**Task to complete:** Take the line containing "Étagère à palettes" through the last line of the data and retype those lines exactly. Pictures do not belong in the copy.

**Entries shown:**
========================================

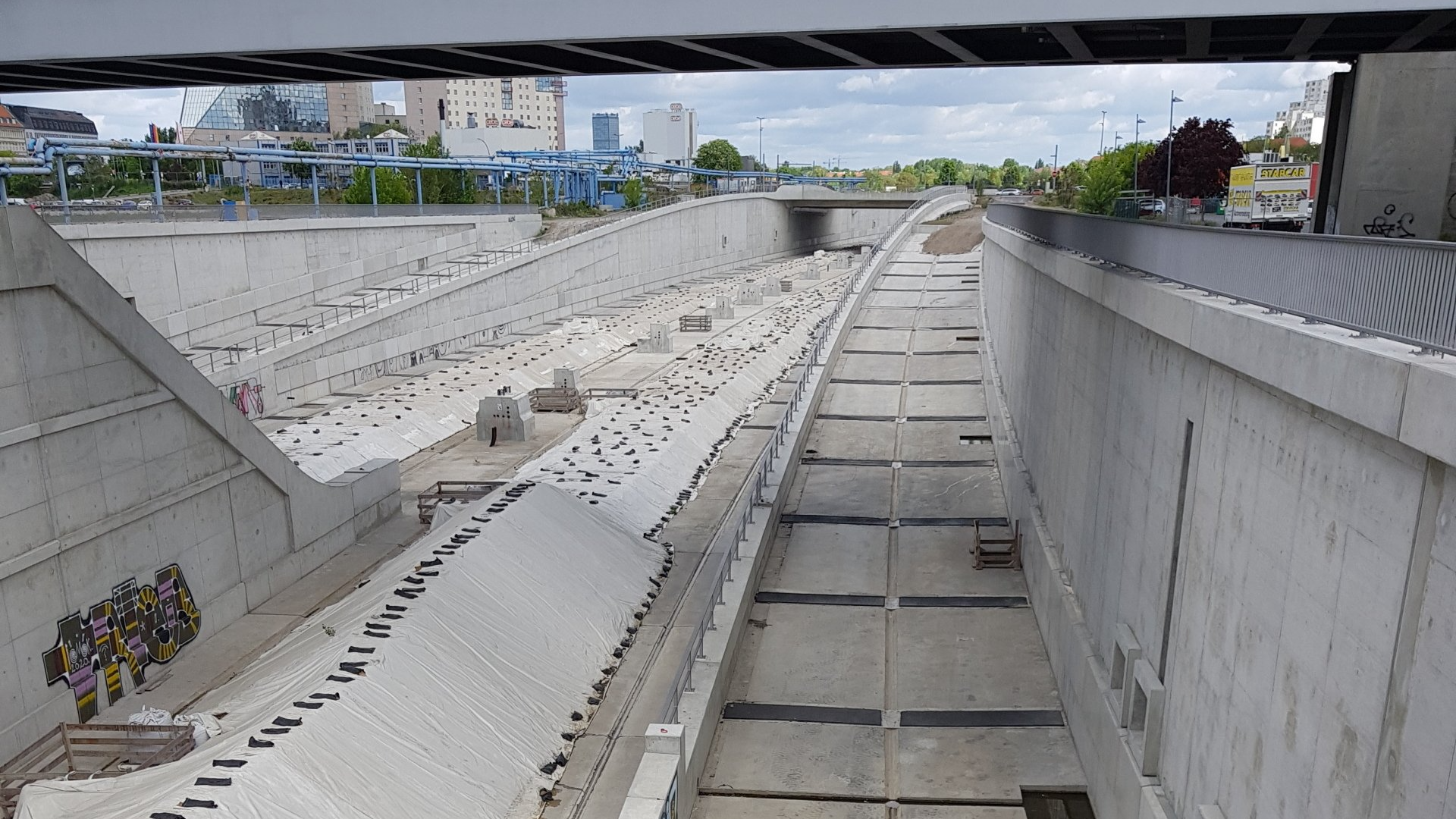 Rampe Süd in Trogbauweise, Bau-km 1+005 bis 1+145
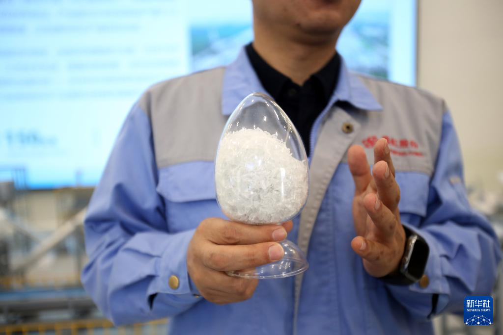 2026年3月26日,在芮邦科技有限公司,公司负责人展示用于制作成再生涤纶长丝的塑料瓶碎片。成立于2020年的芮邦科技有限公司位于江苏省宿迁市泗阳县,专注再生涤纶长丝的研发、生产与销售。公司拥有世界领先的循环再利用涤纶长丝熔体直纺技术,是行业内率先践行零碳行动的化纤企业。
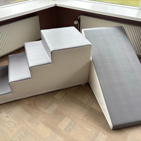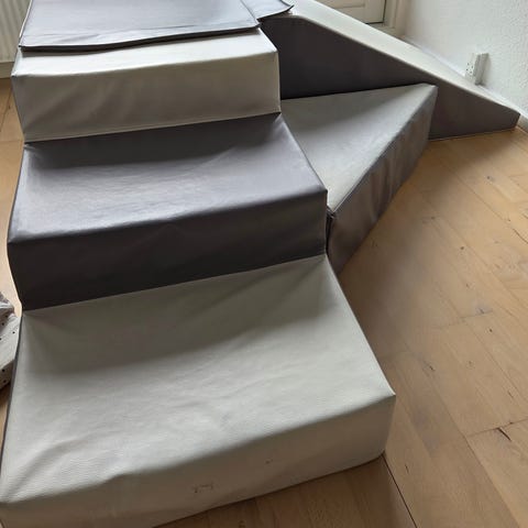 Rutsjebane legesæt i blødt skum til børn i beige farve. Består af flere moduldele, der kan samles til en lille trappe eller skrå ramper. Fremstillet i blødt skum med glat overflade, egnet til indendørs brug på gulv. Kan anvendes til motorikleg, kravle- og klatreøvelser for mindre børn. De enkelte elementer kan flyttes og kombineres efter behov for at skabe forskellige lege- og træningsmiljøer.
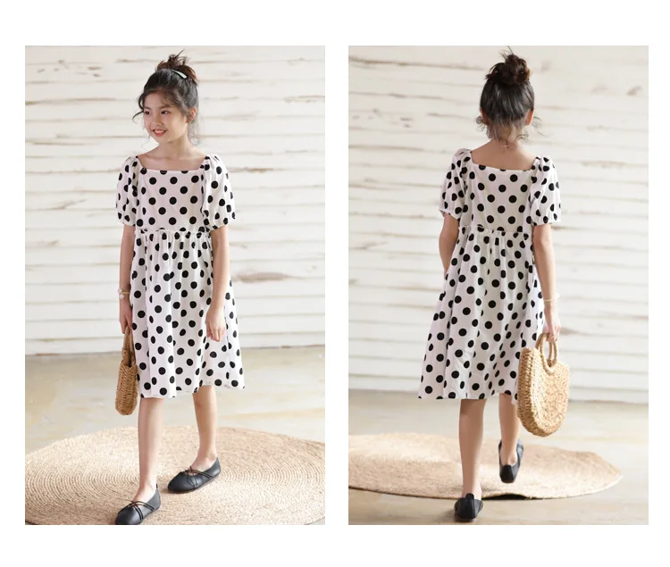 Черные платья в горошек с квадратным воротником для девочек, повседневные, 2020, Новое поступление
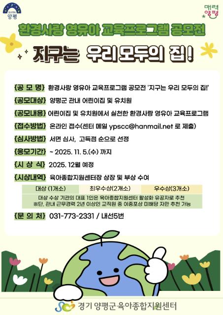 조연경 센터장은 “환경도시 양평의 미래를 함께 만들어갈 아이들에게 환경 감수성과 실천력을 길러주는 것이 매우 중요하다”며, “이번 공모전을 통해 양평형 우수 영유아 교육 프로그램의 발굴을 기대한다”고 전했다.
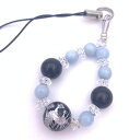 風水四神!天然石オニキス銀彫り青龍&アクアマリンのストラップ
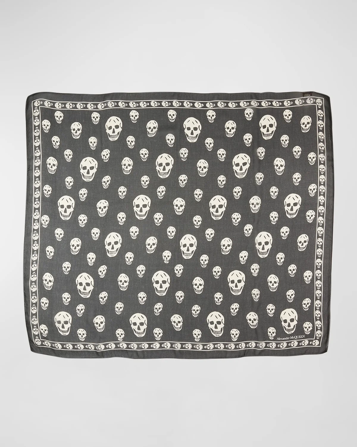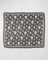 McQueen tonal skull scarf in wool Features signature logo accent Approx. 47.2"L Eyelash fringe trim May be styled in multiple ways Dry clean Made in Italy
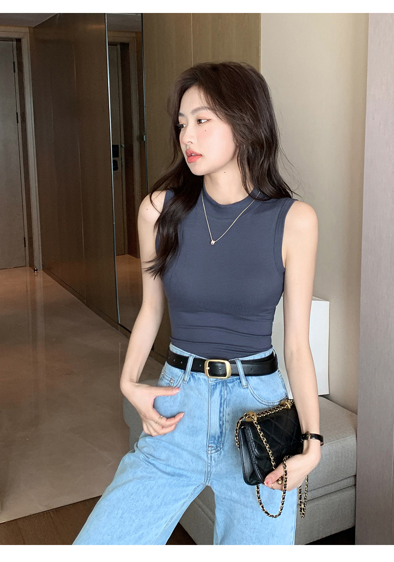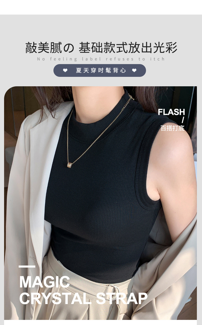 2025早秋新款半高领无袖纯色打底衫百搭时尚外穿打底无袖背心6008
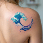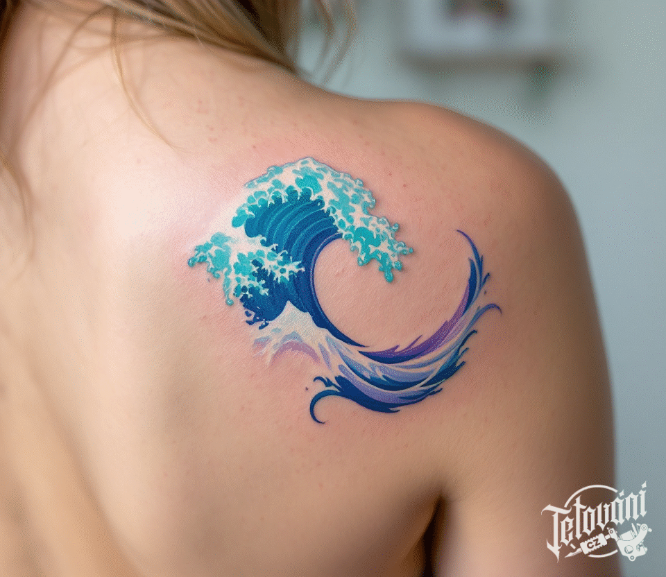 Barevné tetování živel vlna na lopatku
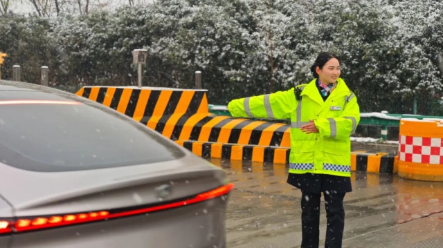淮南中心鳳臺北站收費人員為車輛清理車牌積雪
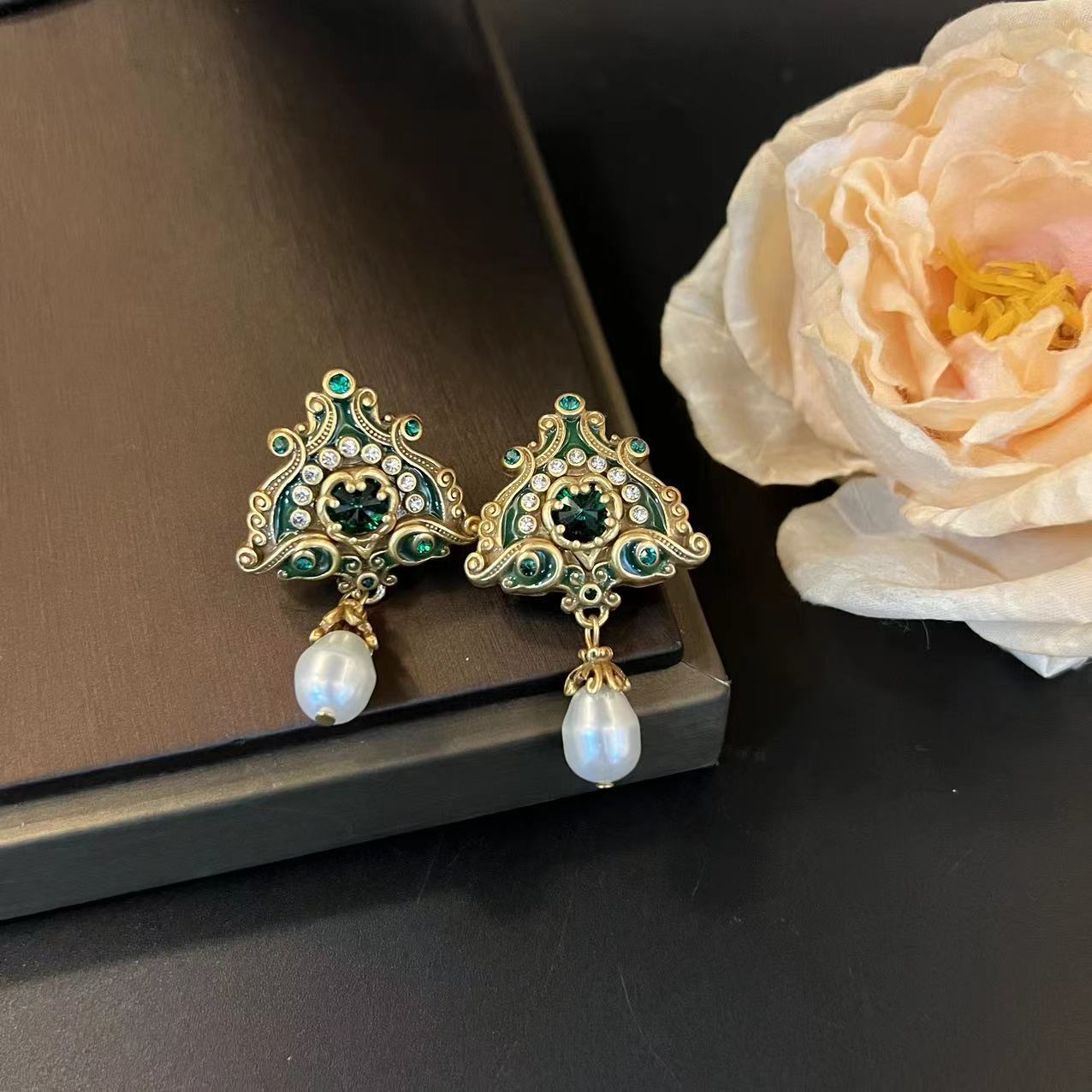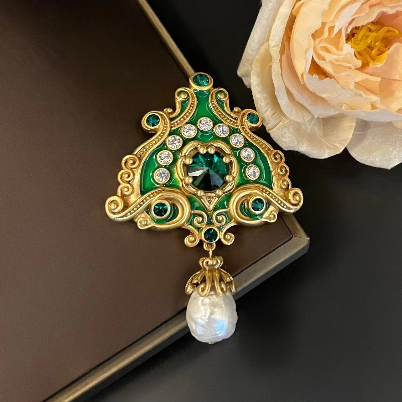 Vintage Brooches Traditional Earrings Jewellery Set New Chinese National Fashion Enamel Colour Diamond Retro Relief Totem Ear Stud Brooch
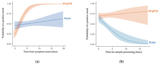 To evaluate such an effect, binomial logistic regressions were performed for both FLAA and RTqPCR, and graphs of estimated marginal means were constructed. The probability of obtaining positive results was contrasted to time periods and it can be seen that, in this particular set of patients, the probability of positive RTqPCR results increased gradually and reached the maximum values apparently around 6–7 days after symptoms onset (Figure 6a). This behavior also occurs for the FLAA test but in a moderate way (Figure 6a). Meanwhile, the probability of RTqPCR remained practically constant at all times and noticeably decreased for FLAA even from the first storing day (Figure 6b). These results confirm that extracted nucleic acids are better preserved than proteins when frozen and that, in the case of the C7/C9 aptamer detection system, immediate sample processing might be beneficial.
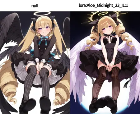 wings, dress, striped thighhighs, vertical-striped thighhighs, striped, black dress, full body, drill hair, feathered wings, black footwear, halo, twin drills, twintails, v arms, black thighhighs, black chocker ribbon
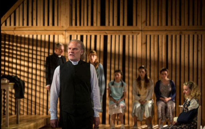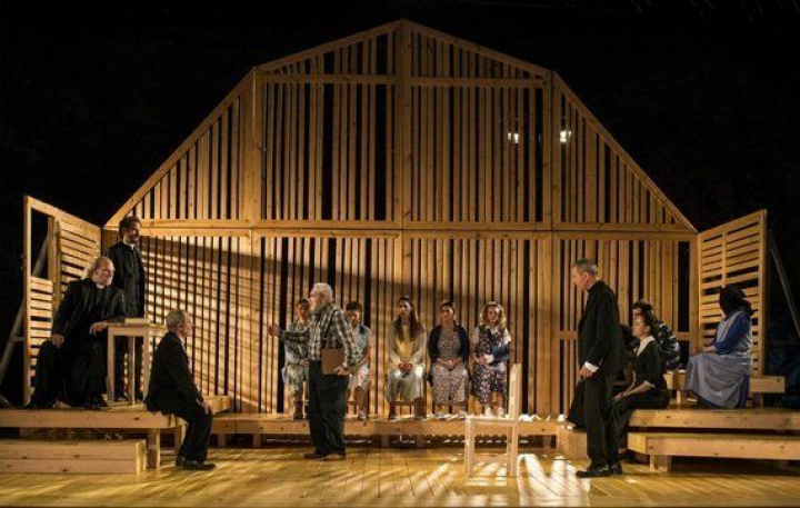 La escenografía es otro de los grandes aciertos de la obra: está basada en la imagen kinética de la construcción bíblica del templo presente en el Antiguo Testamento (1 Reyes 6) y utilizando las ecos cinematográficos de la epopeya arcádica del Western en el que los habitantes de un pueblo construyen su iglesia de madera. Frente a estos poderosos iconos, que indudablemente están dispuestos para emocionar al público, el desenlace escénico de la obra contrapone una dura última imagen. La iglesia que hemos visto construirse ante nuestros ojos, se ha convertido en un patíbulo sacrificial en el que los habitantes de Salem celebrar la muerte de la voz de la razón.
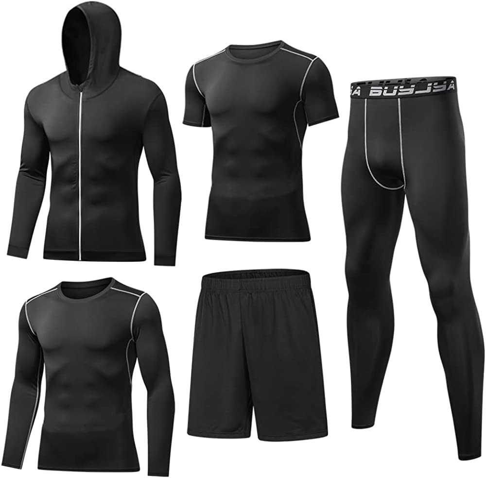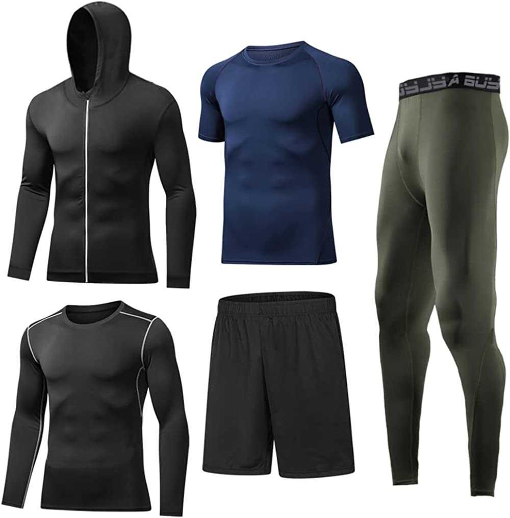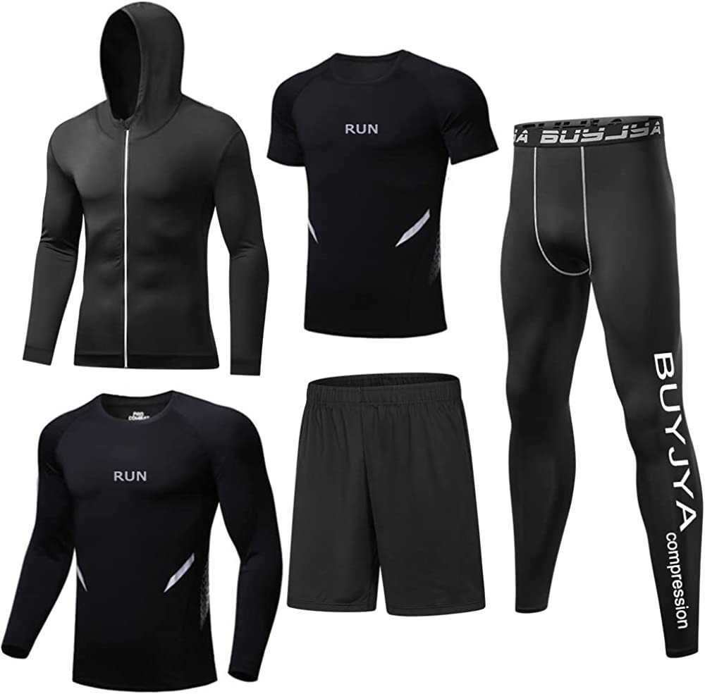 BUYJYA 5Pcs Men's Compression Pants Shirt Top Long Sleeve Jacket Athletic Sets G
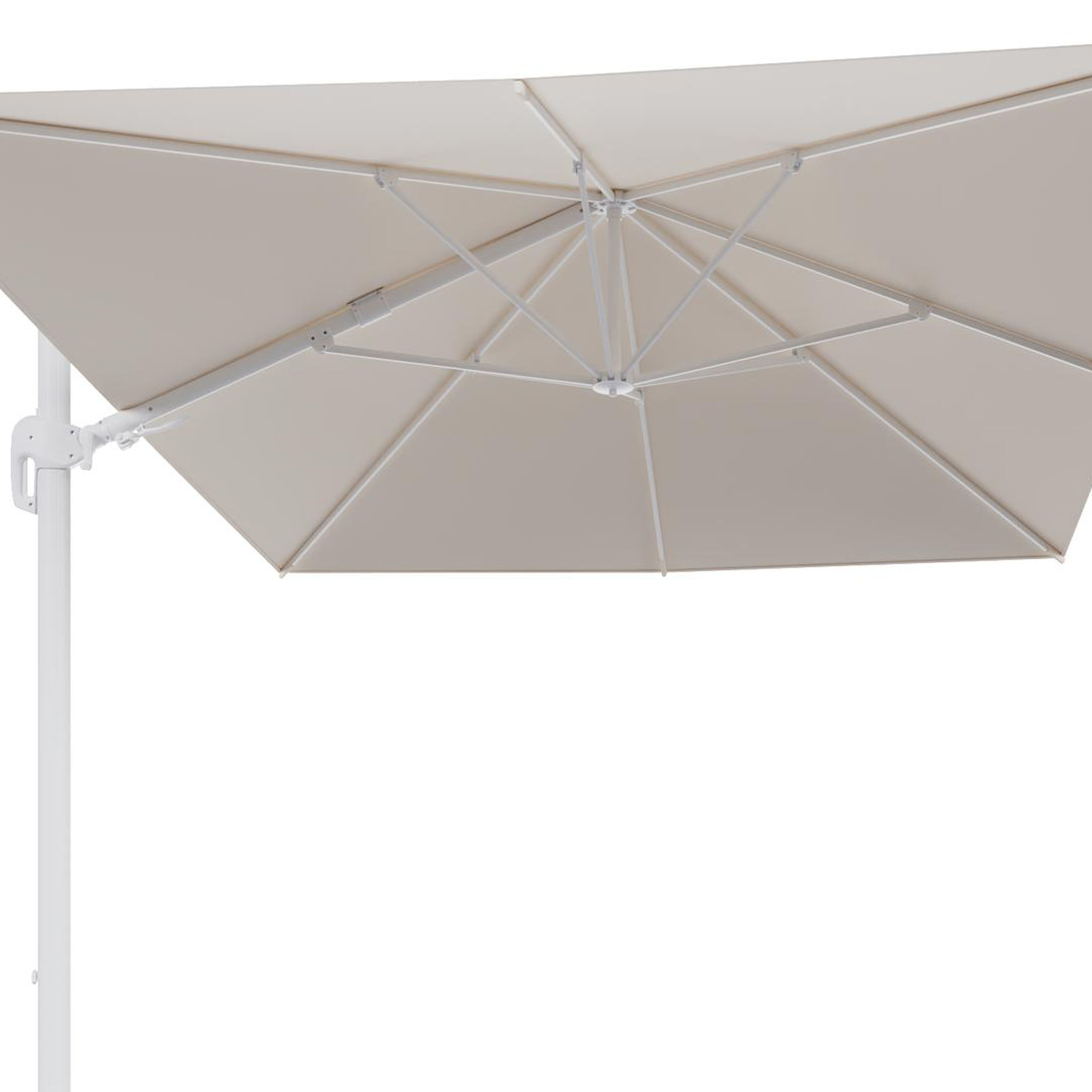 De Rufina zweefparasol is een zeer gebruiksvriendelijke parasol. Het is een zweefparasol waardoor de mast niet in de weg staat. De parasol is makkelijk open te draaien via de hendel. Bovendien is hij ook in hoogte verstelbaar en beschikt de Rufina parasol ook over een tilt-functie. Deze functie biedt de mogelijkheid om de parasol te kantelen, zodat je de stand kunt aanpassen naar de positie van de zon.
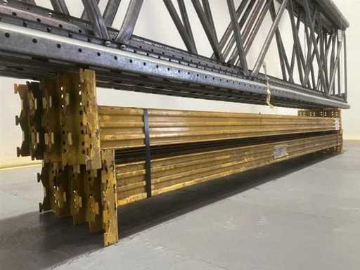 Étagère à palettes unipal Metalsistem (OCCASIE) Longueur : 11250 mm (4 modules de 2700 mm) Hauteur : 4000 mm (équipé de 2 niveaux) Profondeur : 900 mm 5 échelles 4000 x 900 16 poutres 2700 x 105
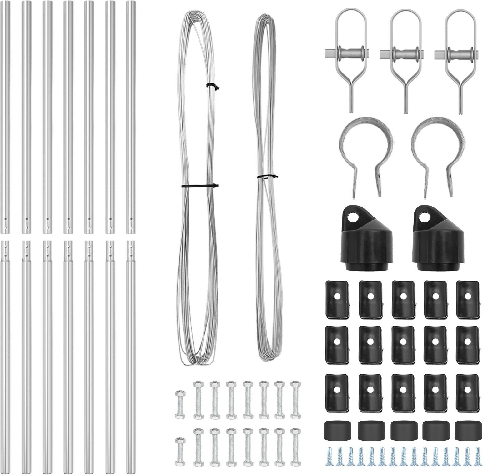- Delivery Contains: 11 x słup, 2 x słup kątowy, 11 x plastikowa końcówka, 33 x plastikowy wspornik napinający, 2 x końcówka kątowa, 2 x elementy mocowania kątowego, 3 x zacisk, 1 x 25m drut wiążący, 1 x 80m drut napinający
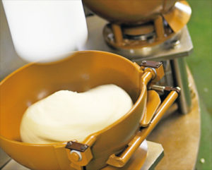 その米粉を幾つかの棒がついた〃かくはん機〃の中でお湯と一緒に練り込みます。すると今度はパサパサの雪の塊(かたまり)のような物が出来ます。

========================================

**Solved problem:**
 Étagère à palettes unipal Metalsistem (OCCASIE) Longueur : 11250 mm (4 modules de 2700 mm) Hauteur : 4000 mm (équipé de 2 niveaux) Profondeur : 900 mm 5 échelles 4000 x 900 16 poutres 2700 x 105
- Delivery Contains: 11 x słup, 2 x słup kątowy, 11 x plastikowa końcówka, 33 x plastikowy wspornik napinający, 2 x końcówka kątowa, 2 x elementy mocowania kątowego, 3 x zacisk, 1 x 25m drut wiążący, 1 x 80m drut napinający
 その米粉を幾つかの棒がついた〃かくはん機〃の中でお湯と一緒に練り込みます。すると今度はパサパサの雪の塊(かたまり)のような物が出来ます。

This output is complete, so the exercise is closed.